The rarity of Fuc in vertebrates and pathogens, explains its role in ontogenesis and immunological functions, both biological processes requiring a high degree of specificity. Although there are no drugs exploiting Fuc immunomodulatory properties, that the plant-derived fucosylated glycoside QT-0101 is a sole Th2 immunomodulator, opens access to novel Fuc-based derived drugs that are not immunosuppressive. Paradoxically, QT-0101 is a derivative of the potent Th1 inflammatory adjuvant QS-21; analysis of their structure-activity relationships (SAR) shows that QS-21 has its single Fuc residue acylated by large fatty acids, while in QT-0101 is non-acylated. Evidently, those fatty acids interfere sterically with the Fuc binding to DC-SIGN, a hindrance that disappears upon their removal from the Fuc in QT-0101.

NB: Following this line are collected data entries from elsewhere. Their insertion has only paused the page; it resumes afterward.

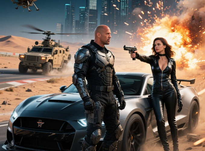 David Leitch directs with kinetic precision, balancing the beauty of motion with the brutality of consequence. The chase sequences are visceral poetry — filmed in single takes, engines roaring through neon cities and desert wastelands. One breathtaking mid-film pursuit, shot across Dubai’s mirrored highways, has already been hailed as one of the greatest car sequences ever filmed. Metal, light, and dust blur into pure adrenaline.
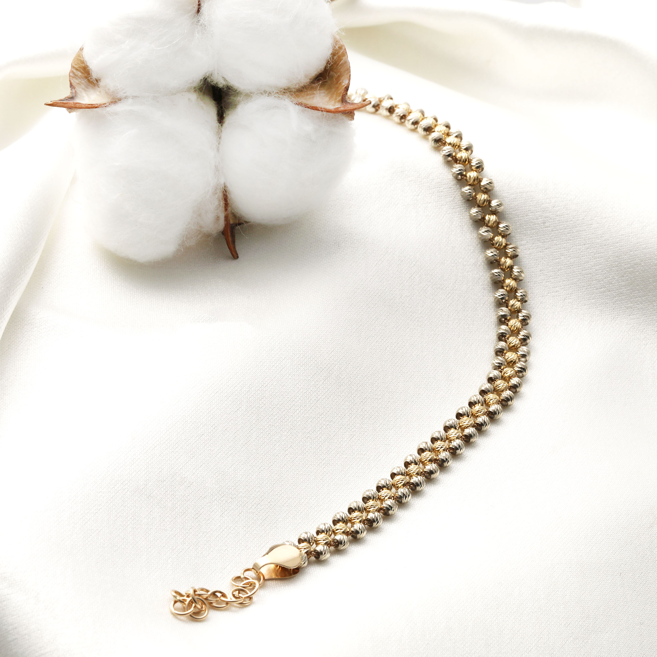 - دستبند بافت البرناردو الی دو رنگ سفید طلایی شامل زنجیر قابل سایز با رولو از حدود 16 تا 19.5 و به پهنای حدود 0.6 سانتی متر می باشد.
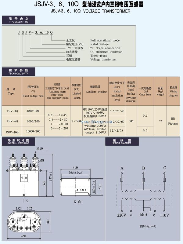 4、JSJV-3(W)系列油浸式三相電壓互感器技術參數見下表:
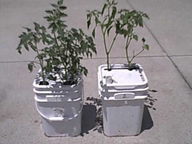 1. use menos agua versus el mismo vegetal plantado directamente en la un razón suelo (aproximadamente 70% menos) es el cubo tiene una tapa y sólo una pequeña abertura donde el tallo es mantener el agua evapore tan rápido como terreno abierto... más solo pone la cantidad exacta de agua hasta que se empieza a salir por el agujero del desbordamiento - luego dejas de regar
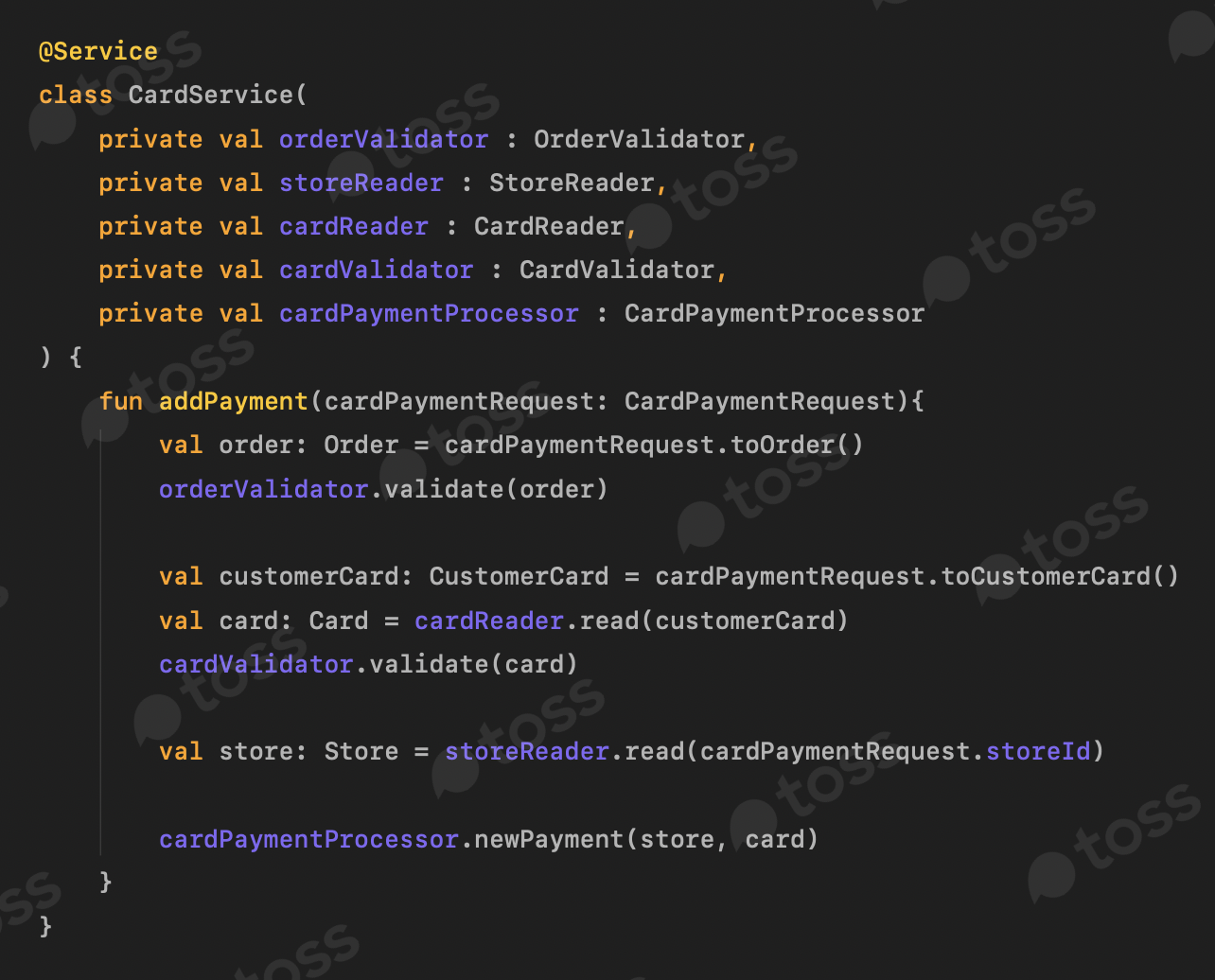 CardService는 개념적으로 카드라는 개념에 속하는 class 입니다.

As degenerative proteopathies coincide with immunosenescence, it would be beneficial if Th2 immunomodulators could also amend the age-linked immunodecline to maintain an effective immunosurveillance. Since immunodecline is often caused by a loss of the receptor CD28 and its ligands CD80/86, on T-cells and DCs respectively, which leads to T-cell anergy, substitution of the lost signal by an alternative one could result in the recovery of immune competence. There is evidence that aldehyde groups deliver an alternative co-stimulatory signal to T-cells, replacing the lost one due to the absence of CD28 and CD80/86. Therefore, immunomodulators that deliver an aldehyde co-stimulatory signal may ameliorate immunosenescence;in fact , QS-21 has an aldehyde in its triterpene that delivers that co-stimulatory signal, an aldehyde that is also present in QT-0101.
QT-0101 has two different pharmacophores (Fig. 1, above), a Fuc residue (blue) that interacts with DC-SIGN on DC and an aldehyde (red) that delivers a co-stimulatory signal to T-cell’s surface receptors preventing anergy. This combination of signals, besides biasing the response to Th2-only immunity might also ameliorate immunosenescence. Since QT-0101 can be an effective Th2 vaccine’s adjuvant that can be used safely with protein immunogens having both T and B-cell epitopes; it will remove the need to modify protein antigens in ways that could render them useless or even damaging. Consequently, the availability of Fuc glycans and Fuc triterpene glycosides offer a new avenue to develop effective vaccines against proteopathies, which have been hindered by the problems associated with the use of pro-inflammatory adjuvants to induce a Th2 anti-inflammatory immunoresponse.